- **Task item**
Find the line with "首先进行的是院级课题结题评审" in the entries below. Repeat it, every following line, and the line with "(1)高点击率关键词可以提升计划权重。", exactly and with nothing added.

- **Provided material**

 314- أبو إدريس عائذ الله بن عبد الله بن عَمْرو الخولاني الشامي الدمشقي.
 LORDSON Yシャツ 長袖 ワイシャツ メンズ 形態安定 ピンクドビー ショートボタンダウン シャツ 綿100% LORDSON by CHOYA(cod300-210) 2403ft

---

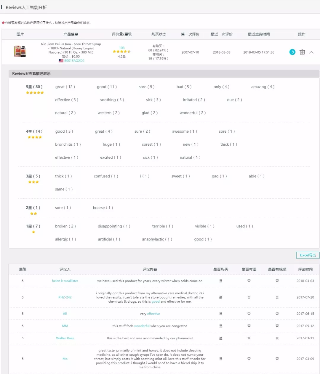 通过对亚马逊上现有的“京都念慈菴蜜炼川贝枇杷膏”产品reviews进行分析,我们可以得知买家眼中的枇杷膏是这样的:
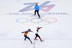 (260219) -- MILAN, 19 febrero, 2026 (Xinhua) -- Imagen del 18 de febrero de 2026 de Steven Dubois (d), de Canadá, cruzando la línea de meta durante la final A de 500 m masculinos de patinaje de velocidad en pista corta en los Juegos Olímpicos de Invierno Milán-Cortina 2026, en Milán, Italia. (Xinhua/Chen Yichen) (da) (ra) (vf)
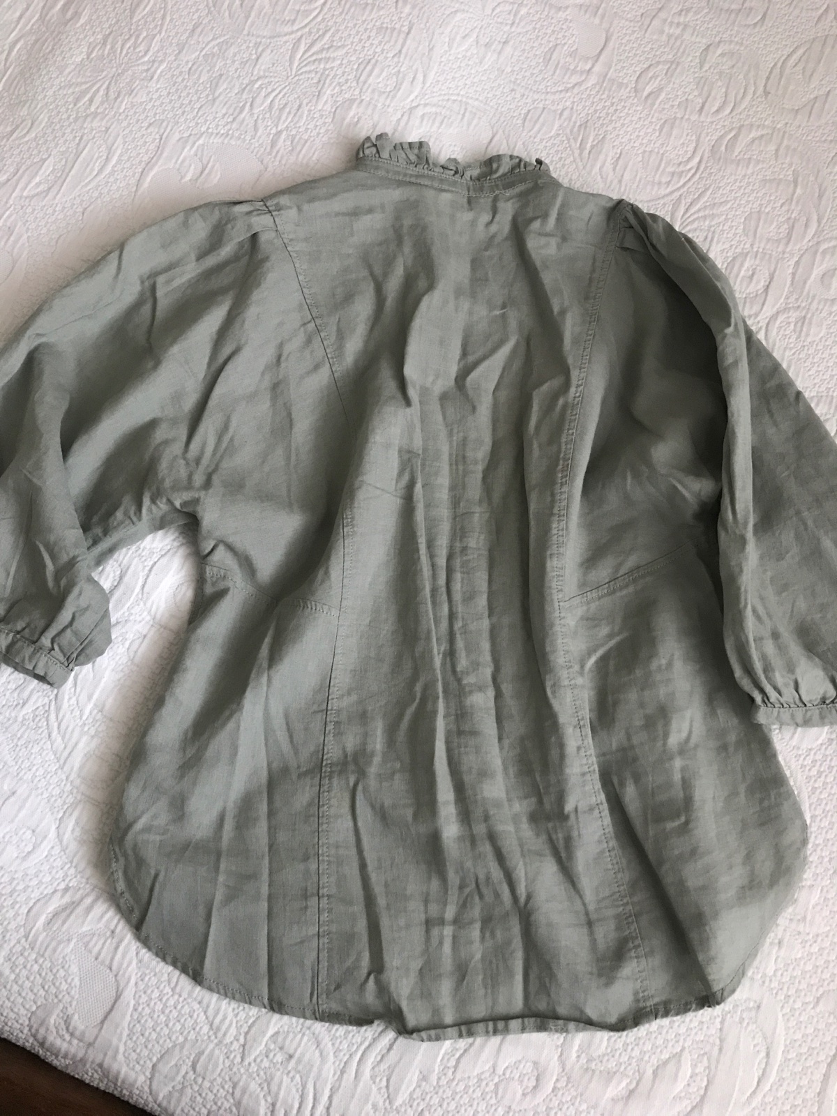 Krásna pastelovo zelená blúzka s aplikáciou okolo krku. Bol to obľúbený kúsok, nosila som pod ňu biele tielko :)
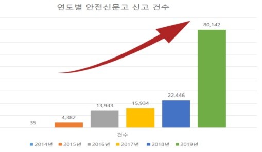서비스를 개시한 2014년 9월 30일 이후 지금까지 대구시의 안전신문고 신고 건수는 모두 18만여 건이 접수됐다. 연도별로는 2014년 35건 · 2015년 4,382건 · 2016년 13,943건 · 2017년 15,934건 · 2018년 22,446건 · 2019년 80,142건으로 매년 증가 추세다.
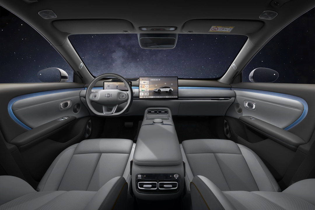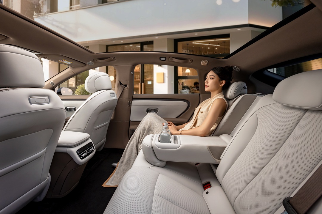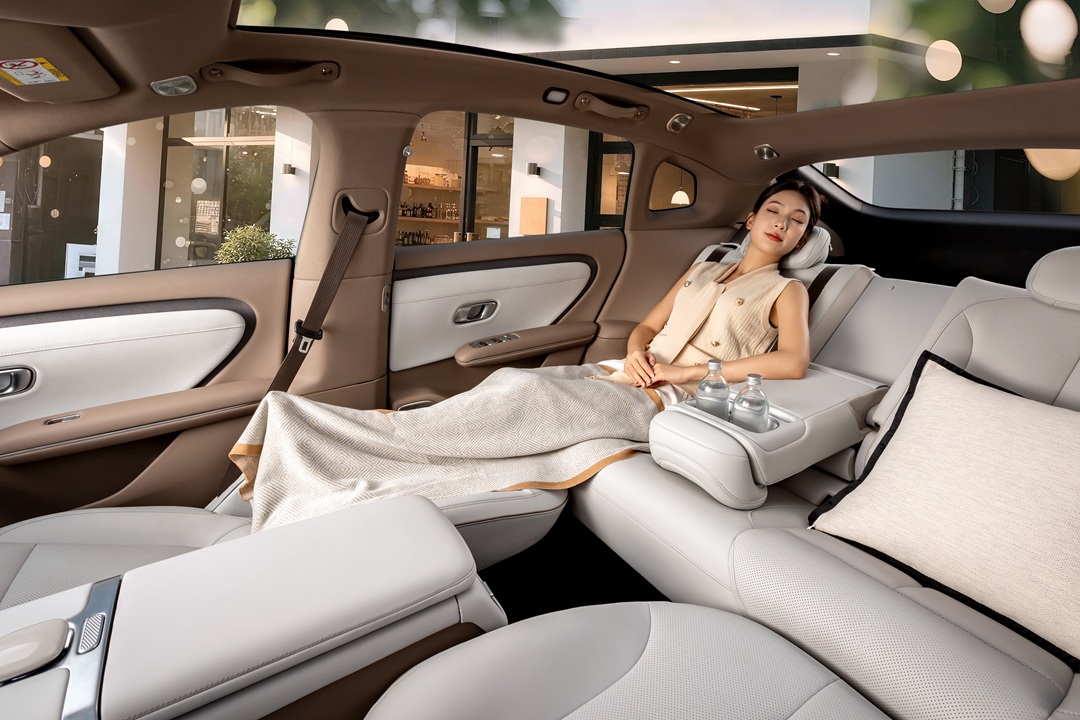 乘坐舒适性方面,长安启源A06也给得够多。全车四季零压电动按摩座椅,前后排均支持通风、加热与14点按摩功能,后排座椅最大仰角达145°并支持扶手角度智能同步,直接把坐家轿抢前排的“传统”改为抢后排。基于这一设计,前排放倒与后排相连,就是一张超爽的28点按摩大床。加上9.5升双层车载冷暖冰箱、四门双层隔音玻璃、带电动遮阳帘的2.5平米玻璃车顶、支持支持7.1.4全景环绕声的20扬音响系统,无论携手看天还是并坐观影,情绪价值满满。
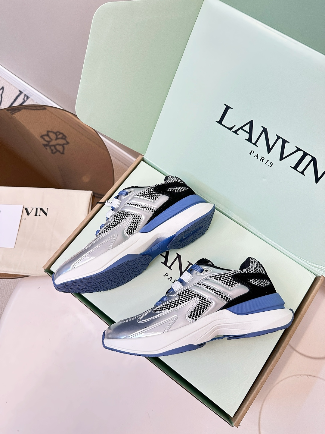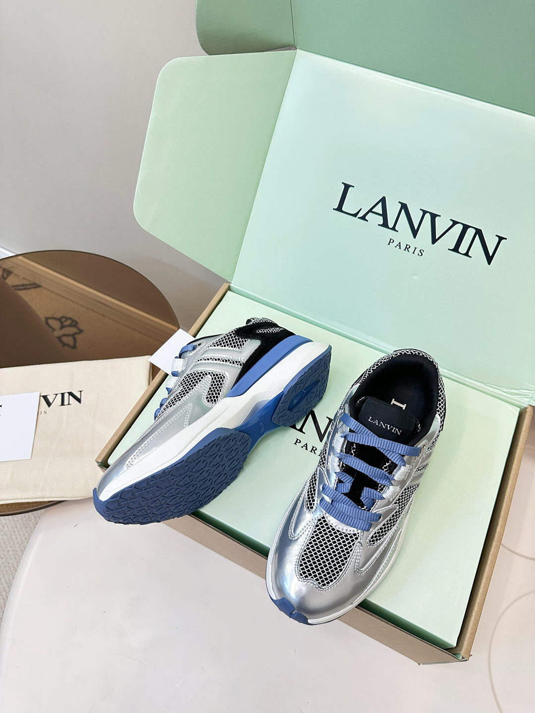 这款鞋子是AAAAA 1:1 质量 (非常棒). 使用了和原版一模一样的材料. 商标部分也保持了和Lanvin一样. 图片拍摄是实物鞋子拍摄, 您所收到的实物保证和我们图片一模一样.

---

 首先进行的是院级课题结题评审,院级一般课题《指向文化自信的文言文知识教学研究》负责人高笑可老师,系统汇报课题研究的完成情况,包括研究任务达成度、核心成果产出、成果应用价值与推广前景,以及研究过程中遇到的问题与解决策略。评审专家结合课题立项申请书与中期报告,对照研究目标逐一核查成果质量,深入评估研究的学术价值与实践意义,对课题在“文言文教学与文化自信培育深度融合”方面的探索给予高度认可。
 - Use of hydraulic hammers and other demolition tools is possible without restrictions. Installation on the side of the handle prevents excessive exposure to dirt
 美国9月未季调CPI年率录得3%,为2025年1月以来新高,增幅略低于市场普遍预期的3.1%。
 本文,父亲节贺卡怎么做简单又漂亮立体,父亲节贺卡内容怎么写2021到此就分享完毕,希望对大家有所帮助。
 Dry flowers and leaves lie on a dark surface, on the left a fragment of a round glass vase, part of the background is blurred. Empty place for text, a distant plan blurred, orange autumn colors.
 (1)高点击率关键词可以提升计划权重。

- **Exercise answer**
 首先进行的是院级课题结题评审,院级一般课题《指向文化自信的文言文知识教学研究》负责人高笑可老师,系统汇报课题研究的完成情况,包括研究任务达成度、核心成果产出、成果应用价值与推广前景,以及研究过程中遇到的问题与解决策略。评审专家结合课题立项申请书与中期报告,对照研究目标逐一核查成果质量,深入评估研究的学术价值与实践意义,对课题在“文言文教学与文化自信培育深度融合”方面的探索给予高度认可。
 - Use of hydraulic hammers and other demolition tools is possible without restrictions. Installation on the side of the handle prevents excessive exposure to dirt
 美国9月未季调CPI年率录得3%,为2025年1月以来新高,增幅略低于市场普遍预期的3.1%。
 本文,父亲节贺卡怎么做简单又漂亮立体,父亲节贺卡内容怎么写2021到此就分享完毕,希望对大家有所帮助。
 Dry flowers and leaves lie on a dark surface, on the left a fragment of a round glass vase, part of the background is blurred. Empty place for text, a distant plan blurred, orange autumn colors.
 (1)高点击率关键词可以提升计划权重。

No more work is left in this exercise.